DATA SHOWN ->
· · · · ·
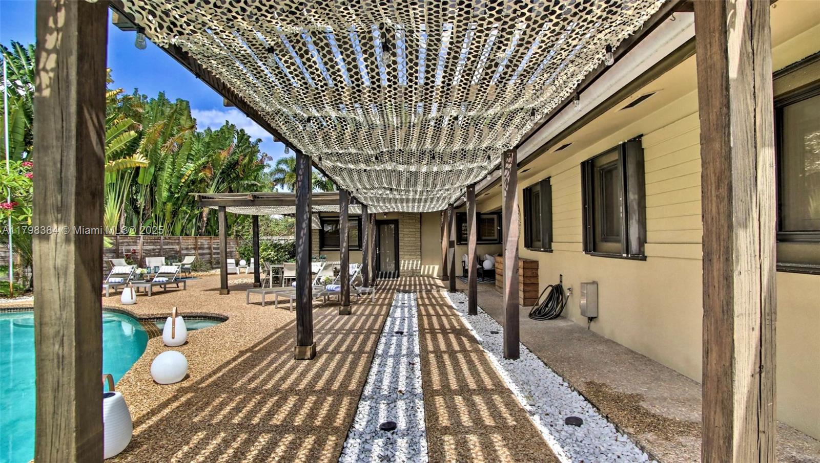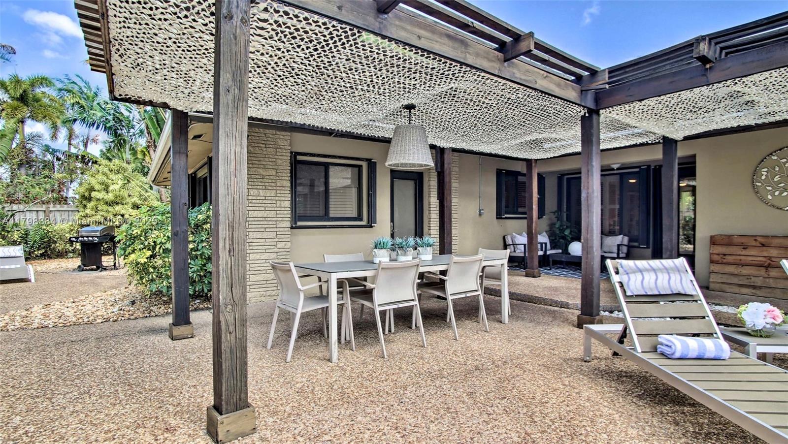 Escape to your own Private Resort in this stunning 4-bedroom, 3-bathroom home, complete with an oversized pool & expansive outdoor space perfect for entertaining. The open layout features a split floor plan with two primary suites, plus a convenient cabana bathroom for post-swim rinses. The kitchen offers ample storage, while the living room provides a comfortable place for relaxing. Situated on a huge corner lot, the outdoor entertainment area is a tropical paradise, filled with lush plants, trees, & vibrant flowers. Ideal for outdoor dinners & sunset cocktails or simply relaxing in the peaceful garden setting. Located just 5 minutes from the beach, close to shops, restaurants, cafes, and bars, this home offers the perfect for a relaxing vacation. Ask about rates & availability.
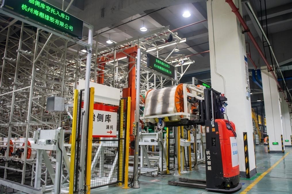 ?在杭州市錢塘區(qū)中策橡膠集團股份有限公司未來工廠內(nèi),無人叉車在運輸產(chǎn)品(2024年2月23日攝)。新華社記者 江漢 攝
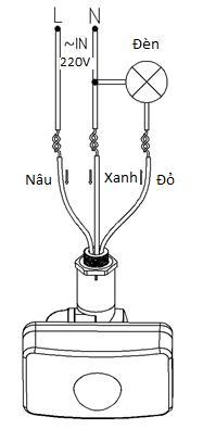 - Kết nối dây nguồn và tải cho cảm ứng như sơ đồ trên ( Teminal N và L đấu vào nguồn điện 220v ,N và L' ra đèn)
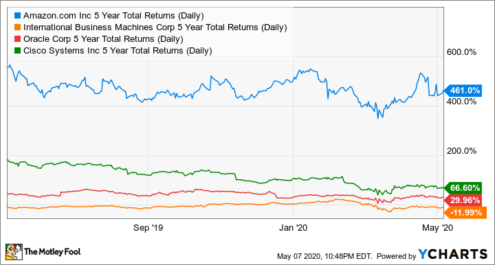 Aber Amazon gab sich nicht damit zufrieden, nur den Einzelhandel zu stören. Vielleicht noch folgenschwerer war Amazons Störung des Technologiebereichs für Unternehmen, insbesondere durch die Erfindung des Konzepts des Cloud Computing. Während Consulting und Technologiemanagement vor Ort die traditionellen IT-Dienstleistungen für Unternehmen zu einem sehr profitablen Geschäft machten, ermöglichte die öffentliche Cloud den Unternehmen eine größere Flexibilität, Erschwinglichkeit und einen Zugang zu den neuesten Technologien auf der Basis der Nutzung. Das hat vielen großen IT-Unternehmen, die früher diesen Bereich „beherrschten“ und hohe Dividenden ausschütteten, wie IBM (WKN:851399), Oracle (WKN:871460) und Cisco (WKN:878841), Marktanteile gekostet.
· · · · ·
TASK DESCRIPTION ->
Skip the pictures. Write out exactly the lines from the one with "- Kết nối dây" through the last line of the listing, both ends included, and nothing more.

RESPONSE AREA ->
 - Kết nối dây nguồn và tải cho cảm ứng như sơ đồ trên ( Teminal N và L đấu vào nguồn điện 220v ,N và L' ra đèn)
 Aber Amazon gab sich nicht damit zufrieden, nur den Einzelhandel zu stören. Vielleicht noch folgenschwerer war Amazons Störung des Technologiebereichs für Unternehmen, insbesondere durch die Erfindung des Konzepts des Cloud Computing. Während Consulting und Technologiemanagement vor Ort die traditionellen IT-Dienstleistungen für Unternehmen zu einem sehr profitablen Geschäft machten, ermöglichte die öffentliche Cloud den Unternehmen eine größere Flexibilität, Erschwinglichkeit und einen Zugang zu den neuesten Technologien auf der Basis der Nutzung. Das hat vielen großen IT-Unternehmen, die früher diesen Bereich „beherrschten“ und hohe Dividenden ausschütteten, wie IBM (WKN:851399), Oracle (WKN:871460) und Cisco (WKN:878841), Marktanteile gekostet.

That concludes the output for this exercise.